The City of Vancouver recently submitted an application to Health Canada outlining that people should be allowed to carry a three-day supply of various drugs as it seeks to get a federal exemption to decriminalize the possession of small amounts of drugs.

The B.C. government has made several commitments to helping drug users, with supervised consumption sites scattered across the province in addition to volunteer-run overdose prevention sites in many cities.

B.C. announced a safe supply of pharmaceutical alternatives in 2020, with doctors and nurse practitioners given the ability to prescribe to those who use drugs.

But the provincial government could be doing more to help, said a woman who lost her son to an overdose and co-founded an advocacy group because of his death.

Leslie McBain, of Moms Stop the Harm, said she’s “beyond frustrated” that actions such as safe supply have yet to be pushed through to help drug users.

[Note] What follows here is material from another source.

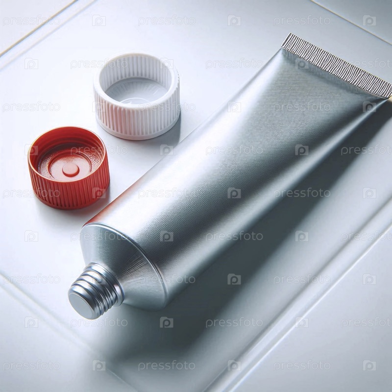 Пустой, ламинированный макет трубы зубной пасты с наклонным крышкой, Ai generated image

“Here we are, five years later with more deaths, no real, fulsome, safe supply of drugs for people who need them and still, the government seems to be doing research and writing up plans we never see,” she said. “I’m disappointed.”

Jan Mahoney said the system also failed her son Michael, who waited months for a treatment bed but died a day after learning he got one.

Michael Mahoney died a day after he was told he would receive a treatment bed. (Submitted)

“He went downtown, bought what he thought was a dilaudid tablet and died of an overdose in his truck.

His body was found in his truck five days later.

Mahoney said her son pleaded for help at the Royal Jubilee Hospital emergency room several times, but was usually assessed and then sent home to wait.

“He would go back to trying to treat himself because he wasn’t getting any psychiatric care,” she said.

Corey Ranger, a registered nurse with Victoria’s Safer initiative, said he’s attended 48 overdoses in the past year, much more than in the previous years.

“It’s been completely overwhelming,” he said. “We’re at the fifth-year anniversary and this is our first and most readily ignored crisis.”

Safer provides pharmaceutical drugs to people at risk of dying from a toxic drug supply.

The volatility of the street drugs makes it harder to resuscitate people when they overdose, Ranger added.

He said the provincial government needs to make decriminalization a priority.